3 is a table showing the amount of soot combustion of the GPF according to the temperature of the front end and the rear end of the GPF when fuel is cut in order to explain the exhaust gas post-treatment control method according to an embodiment of the present invention.
4 is a graph showing the amount of soot combustion of the GPF according to the temperature of the front end and the rear end of the GPF when fuel is cut in order to explain the exhaust gas post-treatment control method according to an embodiment of the present invention.

Hereinafter, with reference to the accompanying drawings, embodiments of the present invention will be described in detail so that those of ordinary skill in the art to which the present invention pertains can easily implement them. The present invention may be embodied in several different forms and is not limited to the embodiments described herein.

In addition, in various embodiments, components having the same configuration are typically described in one embodiment using the same reference numerals, and only configurations different from the one embodiment will be described in other embodiments.

It is noted that the drawings are schematic and not drawn to scale. Relative dimensions and proportions of parts in the drawings are exaggerated or reduced in size for clarity and convenience in the drawings, and any dimensions are illustrative only and not limiting. In addition, the same reference numerals are used to indicate similar features to the same structure, element, or part appearing in two or more drawings. When a part is referred to as being “on” or “on” another part, it may be directly on the other part or the other part may be involved in between.

The embodiment of the present invention specifically represents one embodiment of the present invention.
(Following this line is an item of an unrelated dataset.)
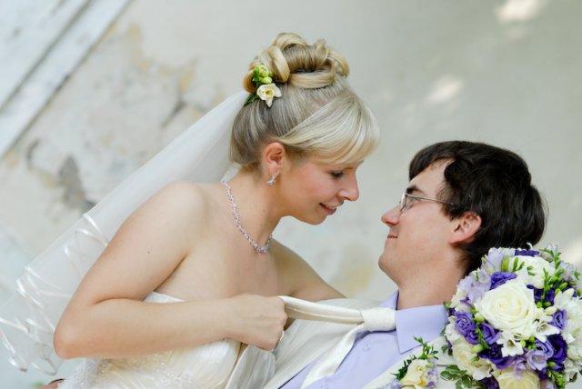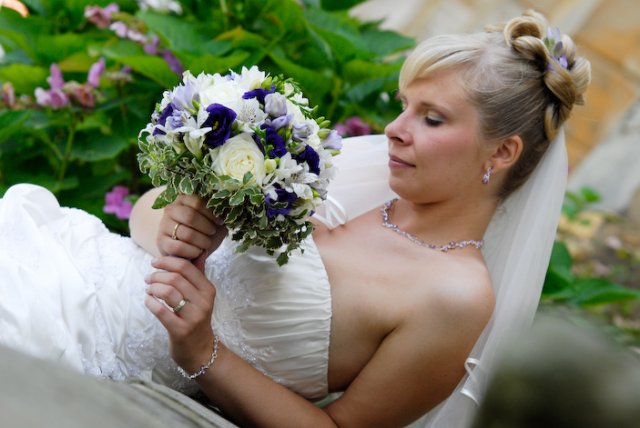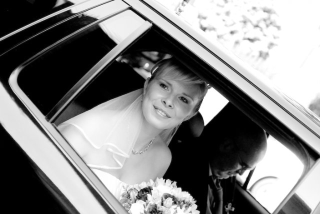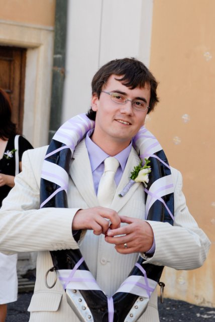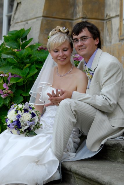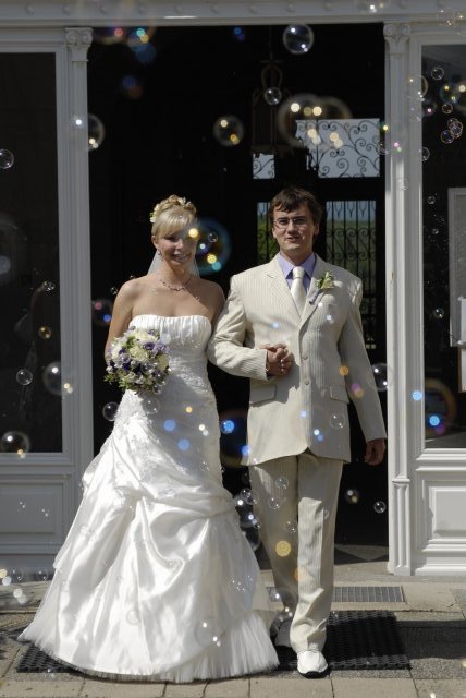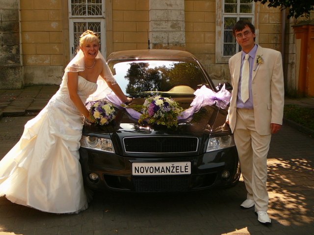V půl 11 jsem se začala oblékat. No byl to tedy opravdu zážitek, protože jsem si musela navléct do šatů spodem, takže mi muselo pomáhat docela dost lidí, ale úspěšně jsme to zvládli. :-) V 11 hodin, jsme začali všechny svatebčany vyhánět z domova a mělo se vyrazit. Ženich na mě čekal také venku, aby mi mohl předat kytičku. Pak už se vyrazilo směr Duchcov.

As a result, various modifications of the diagram are expected. Accordingly, the embodiment is not limited to a specific shape of the illustrated area, and includes, for example, a shape modification by manufacturing.

Hereinafter, an exhaust gas post-treatment system according to an embodiment of the present invention will be described with reference to FIG. 1 .

1 is a block diagram showing an exhaust gas post-treatment system according to an embodiment of the present invention.

Referring to FIG. 1 , an exhaust gas aftertreatment system according to an embodiment of the present invention includes an engine 100 , an exhaust pipe 110 , a catalytic converter 120 , and a gasoline particulate filter (hereinafter, “GPF”). Commonly referred to as 130 , it includes a first temperature sensor 140 , a second temperature sensor 145 , a data detector 160 , and a controller 170 .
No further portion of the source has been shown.